Content starts

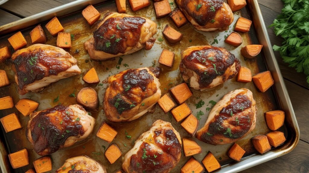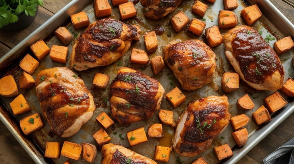 If your family loves bold, comforting flavors, this BBQ Chicken & Roasted Sweet Potatoes sheet pan dinner will quickly become a favorite. The chicken turns tender and juicy while the barbecue sauce caramelizes in the oven, creating a sticky, smoky glaze. Paired with naturally sweet roasted sweet potatoes, this meal strikes the perfect balance of savory and sweet.
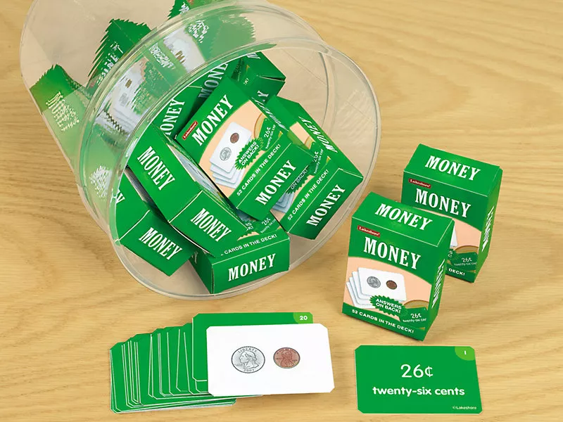 Захоплюючий набір математичних карт Гроші, з якими діти легко опанують грошовими навичками. Діти використовують колоду в якості традиційних флеш-карт або слідують простим інструкціям, щоб грати карточні ігри.
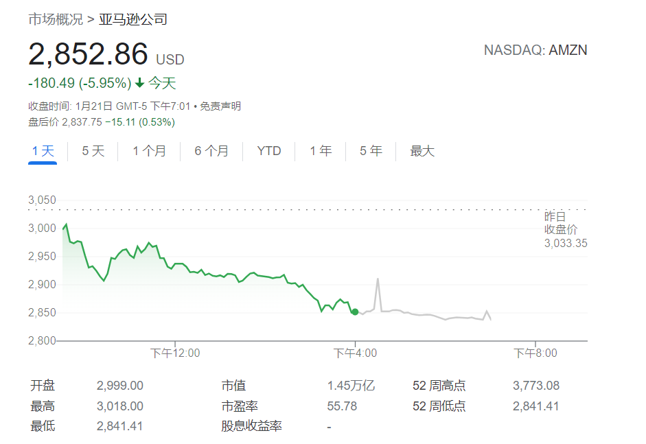 在本轮跌势中,除了因财报“暴雷”而暴跌的奈飞(Netflix),亚马逊(Amazon)的表现也值得关注。亚马逊股价周五收跌5.95%,报2,852.86美元,本周跌幅达12%。这标志着亚马逊自2018年12月21日当周下跌13.4%以来最差的单周表现。
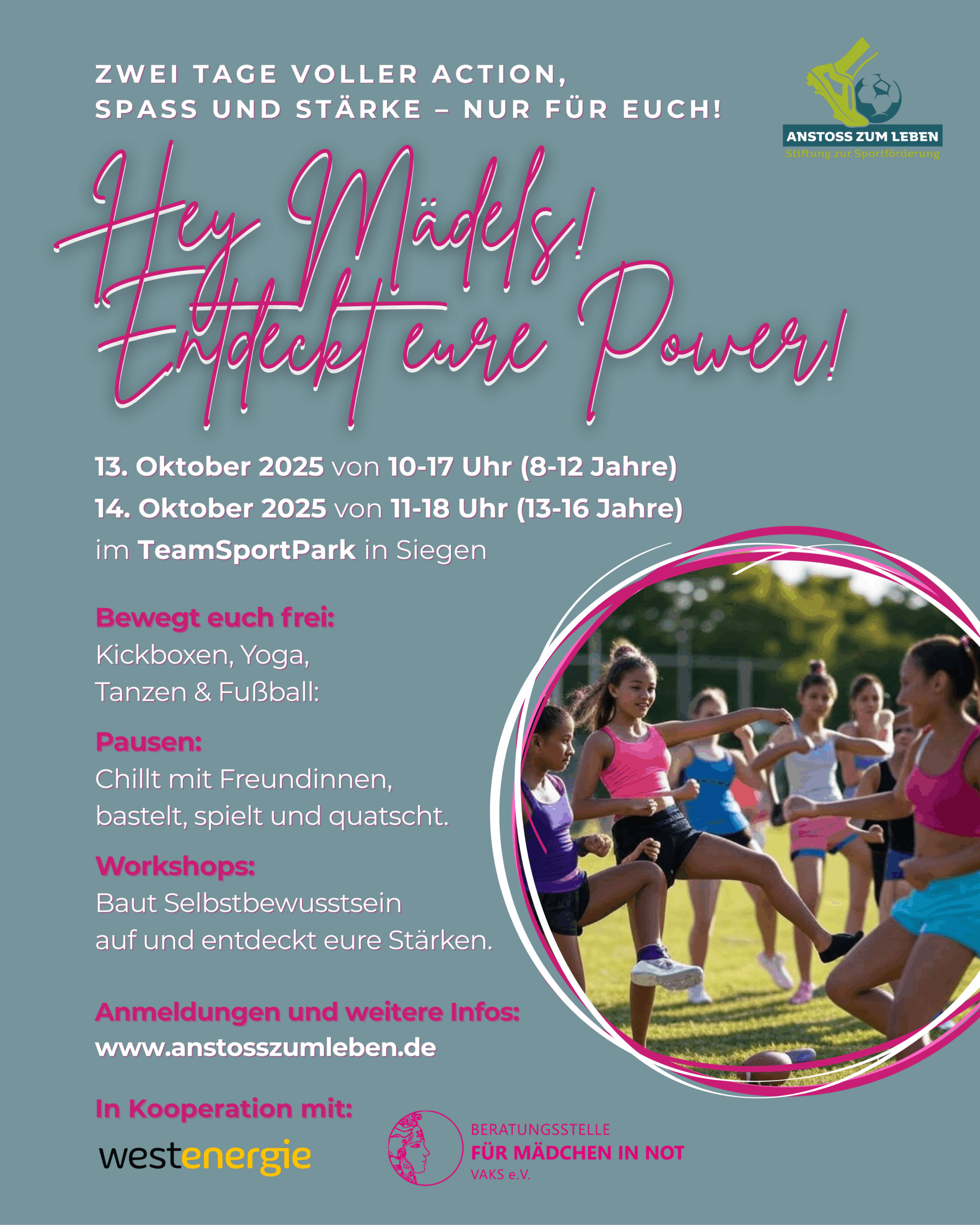 Ein Projekt von Anstoß zum Leben in Kooperation mit Mädchen in Not und gesponsert von Westenergie. Werde stark, mutig und selbstbestimmt – du schaffst das!
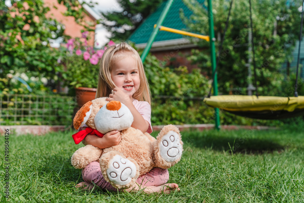 Caucasian child girl hugs a big toy bear in the garden in summer
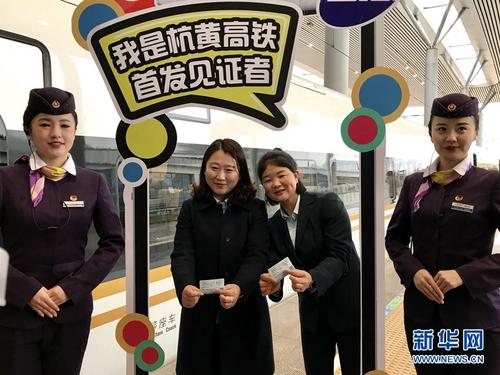 12月25日上午8点34分,从杭州发往黄山的首发车D9551发出,旅客拍照留念。新华网 韩家慧 摄
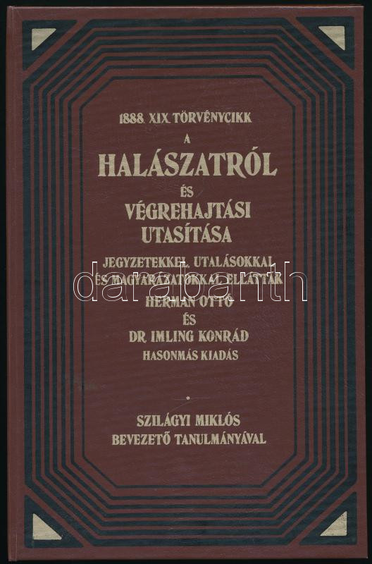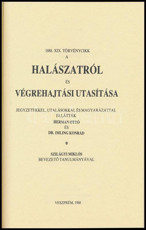 1888. XIX. törvénycikk a halászatról és végrehajtási utasítása. Jegyzetekkel, utalásokkal és magyarázattal ellátták: Herman Ottó és Dr. Imling Konrád. Szilágyi Miklós bevezető tanulmányával. Szerk.: László Péter. Veszprém, 1988, Pannon-ny., 111 p. Reprint kiadás. Kiadói kartonált papírkötés, jó állapotban.
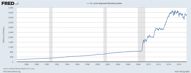 Während dieser Zeit explodierte die Geldbasis in den Vereinigten Staaten und die Bilanz der Federal Reserve wuchs innerhalb weniger Jahre von 800 Milliarden $ auf 4 Billionen $ an. Die US-Notenbanker verabreichten dem System mit Hilfe eines als "quantitative Lockerungen" (QE) bekannten Prozesses gigantische Geldspritzen. Doch nicht nur die Fed schlug diesen Kurs ein. Fast alle Zentralbanken, insbesondere jedoch die Bank of Japan und die EZB, taten es ihr gleich.

Content ends

What you return must be the entries above, exactly as they appear, without any pictures.

[Task output]:
 If your family loves bold, comforting flavors, this BBQ Chicken & Roasted Sweet Potatoes sheet pan dinner will quickly become a favorite. The chicken turns tender and juicy while the barbecue sauce caramelizes in the oven, creating a sticky, smoky glaze. Paired with naturally sweet roasted sweet potatoes, this meal strikes the perfect balance of savory and sweet.
 Захоплюючий набір математичних карт Гроші, з якими діти легко опанують грошовими навичками. Діти використовують колоду в якості традиційних флеш-карт або слідують простим інструкціям, щоб грати карточні ігри.
 在本轮跌势中,除了因财报“暴雷”而暴跌的奈飞(Netflix),亚马逊(Amazon)的表现也值得关注。亚马逊股价周五收跌5.95%,报2,852.86美元,本周跌幅达12%。这标志着亚马逊自2018年12月21日当周下跌13.4%以来最差的单周表现。
 Ein Projekt von Anstoß zum Leben in Kooperation mit Mädchen in Not und gesponsert von Westenergie. Werde stark, mutig und selbstbestimmt – du schaffst das!
 Caucasian child girl hugs a big toy bear in the garden in summer
 12月25日上午8点34分,从杭州发往黄山的首发车D9551发出,旅客拍照留念。新华网 韩家慧 摄
 1888. XIX. törvénycikk a halászatról és végrehajtási utasítása. Jegyzetekkel, utalásokkal és magyarázattal ellátták: Herman Ottó és Dr. Imling Konrád. Szilágyi Miklós bevezető tanulmányával. Szerk.: László Péter. Veszprém, 1988, Pannon-ny., 111 p. Reprint kiadás. Kiadói kartonált papírkötés, jó állapotban.
 Während dieser Zeit explodierte die Geldbasis in den Vereinigten Staaten und die Bilanz der Federal Reserve wuchs innerhalb weniger Jahre von 800 Milliarden $ auf 4 Billionen $ an. Die US-Notenbanker verabreichten dem System mit Hilfe eines als "quantitative Lockerungen" (QE) bekannten Prozesses gigantische Geldspritzen. Doch nicht nur die Fed schlug diesen Kurs ein. Fast alle Zentralbanken, insbesondere jedoch die Bank of Japan und die EZB, taten es ihr gleich.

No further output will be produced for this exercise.